VB&M: Você apontaria três títulos da lista da KiWi que, segundo a sua avaliação, podem e merecem construir sólidas carreiras internacionais? E do que você sabe sobre o Brasil, que título(s) parece(m) mais relevante(s) para o atual momento de pandemia e desgoverno que vivemos por aqui?

AE: Ok, escolho três apesar de querer escolher 15. Vamos lá:

1. IRMÃS EM ARMAS (tradução livre, como todas aqui feitas), de Shida Bazyar, conta a história de três melhores amigas e é um de meus romances favoritos de nosso catálogo deste ano, escrito por uma jovem e talentosa autora que certamente vai longe. E para reiterar minha opinião, segue aqui uma frase de uma das primeiras resenhas publicadas sobre o livro e que resume bem o seu apelo: “Shida Bazyar é uma autora talentosa cuja escrita vai atrair leitores de Elena Ferrante, Zadie Smith e Kamila Shamsie. […] IRMÃS EM ARMAS é uma leitura imersiva e provocante com trama forte e personagens profundamente identificáveis, que explora questões urgentes da contemporaneidade como racismo e sexismo na sociedade” (New Books in German).

2. Uma autora que não está em nosso atual catálogo de lançamentos e que já tem uma sólida carreira internacional, mas infelizmente ainda não publicada no Brasil, é Alina Bronsky. Suas matriarcas complicadas e teimosas sempre fazem valer a leitura, mas em O ÚLTIMO AMOR DE BABA DUNJA, ela é especialmente competente para criar uma heroína que constrói sua vida do nada e a defende obstinadamente contra qualquer um que tente intervir, mesmo que com as melhores intenções.

3. Outro autor que tem sólida carreira internacional mas segue inédito no Brasil é Volker Weidermann e sua narrativa de não ficção OSTEND. O VERÃO ANTES DAS TREVAS, um daqueles livros em que não é preciso ter interesse no assunto (embora seja difícil não ter – N.T.) e ainda assim ser envolvido pela narrativa e pela atmosfera evocada.
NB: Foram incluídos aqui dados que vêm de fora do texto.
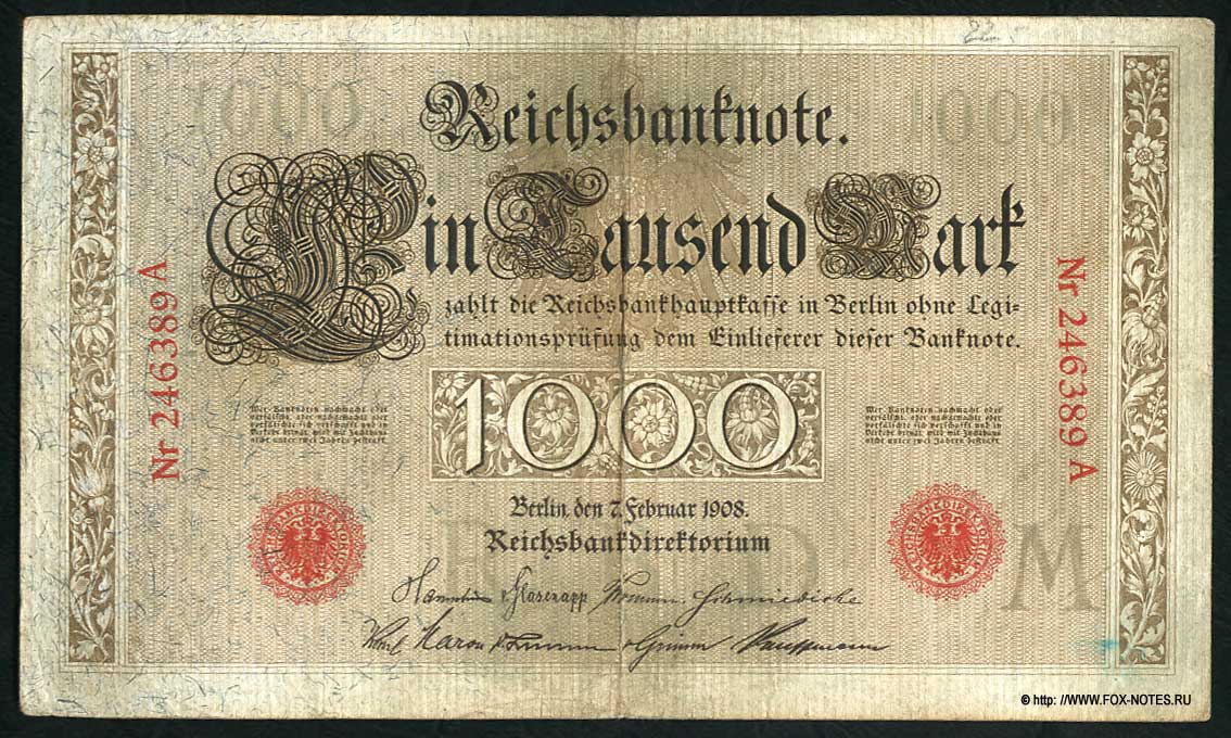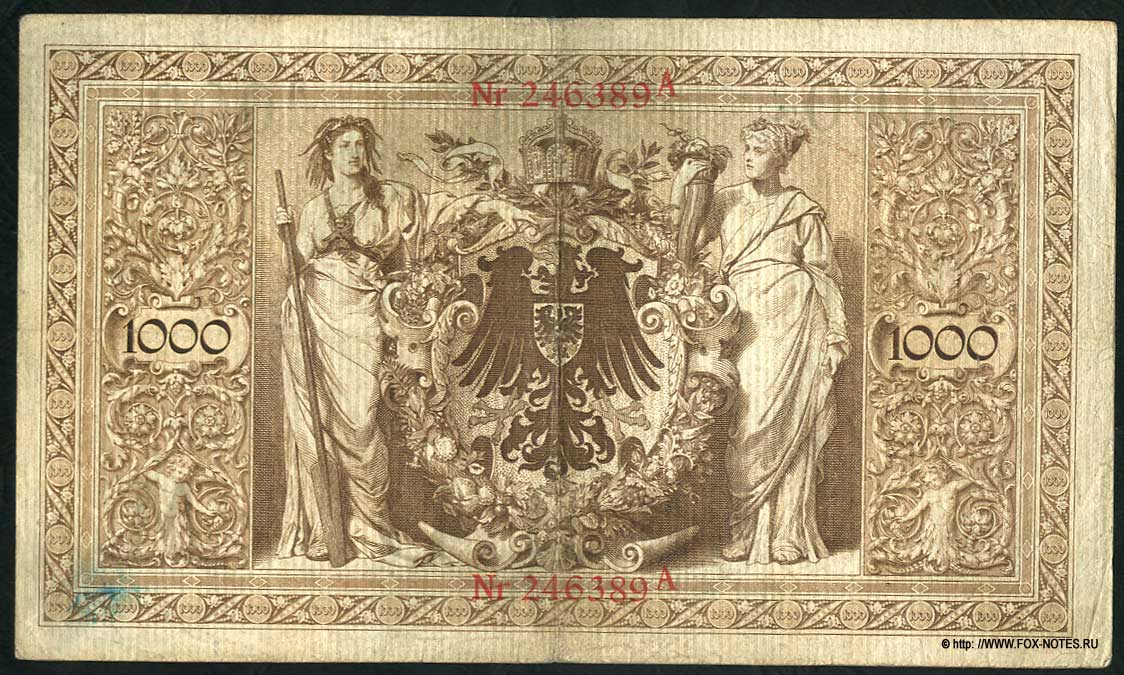 Unterdruck-Buchstabe Number and series 1.4. Size: 187 x 110 mm. 1.5. Paper/watermark type: Paper without watermarks, with blue localized fibers. Paper with vertical embossing throughout the field. 1.6. Sign design elements: The main image of the front side : Coat of arms of the German Empire (in the background), seals of the German Reichsbank, text. Text: 1000 Reichsbanknote. 1000 The main image of the reverse side: the coat of arms of the German Empire in a wreath of laurel branches crowned with the imperial crown. On the left is a woman with a paddle as the personification of shipping, on the right is a female figure with a horn of abundance as the personification of fertility. Text: 1000 1000 Predominant colors: Dark brown, brown. 1.7. Author (s) of sign design: Artists - Ferdinand Luthmer, Otto Knille, engraver - Hans Meyer. 1.8. Sample types: unknown (not manufactured) 1.9. Reichsbankdirektorium seals: two red seals. 1.9. Dates of circulation of the sign: Introduced: April 1908 Canceled: July 5, 1925 3.1. Rosenberg H. Grabowski H. Die deutschen Banknoten ab 1871. H.Gietl Verlag & Publikationsservice GmbH, Regenstauf.Auflage: 19., Auflage 2013/2014 (REV). (31. Oktober 2013) ISBN 978-3866465534 3.2. Grabowski H. Die deutschen Banknoten ab 1871. Battenberg Gietl Verlag GmbH. Auflage: 21., Auflage 2018 (7. Dezember 2017) {Catalog code - "Ro"} 3.3. Albert Pick Jens-Uwe Rixen (Bearb. Hans L. Grabowski) Papiergeld-Spezialkatalog Deutschland. Auflage 3. Gietel Verlag, 1998. 3.4. Standard Catalog of World Paper Money, Specialized Issues. Krause Publications; Twelfth Edition (12) (18. Dezember 2013) {Catalog code - "P"} 3.5. Michael H. Schöne, Die Varianten der deutschen Reichsbanknoten 1876 bis 1914. Verlag: Eigenverlag, Pirna. Auflage: 2008.

Uma leitura melancólica e iluminadora.

Com relação ao Brasil, apesar de não termos nada específico para a situação que vocês estão vivendo, eu sempre recomendaria CHOQUE DE REALIDADE, de Sascha Lobo, pois como ele diz, a realidade cobrará a conta queira você ou não, então por que não estar preparado?

VB&M: Por fim, como a crise do Covid impactou o mercado editorial alemão e, mais especificamente, os negócios e atividades da KiWi?

AE: Na verdade, os negócios têm ido surpreendentemente bem até agora. Apesar de as livrarias terem sido fechadas no primeiro lockdown, elas rapidamente desenvolveram serviços de click and collect (pague e pegue), para que as pessoas possam comprar online e buscar os livros ou recebê-los em casa. As livrarias foram muito criativas e contaram com a boa infraestrutura de distribuição de que dispomos, que possibilita que praticamente todos os livros adquiridos online sejam entregues no dia seguinte à compra em qualquer lugar da Alemanha. Juntou-se a isso o fato de que as pessoas queriam ler, pois não havia nada mais para fazer além de assistir à televisão. Então, nós temos ido muito bem, apesar dos cortes em marketing e do cancelamento de turnês literárias, etc.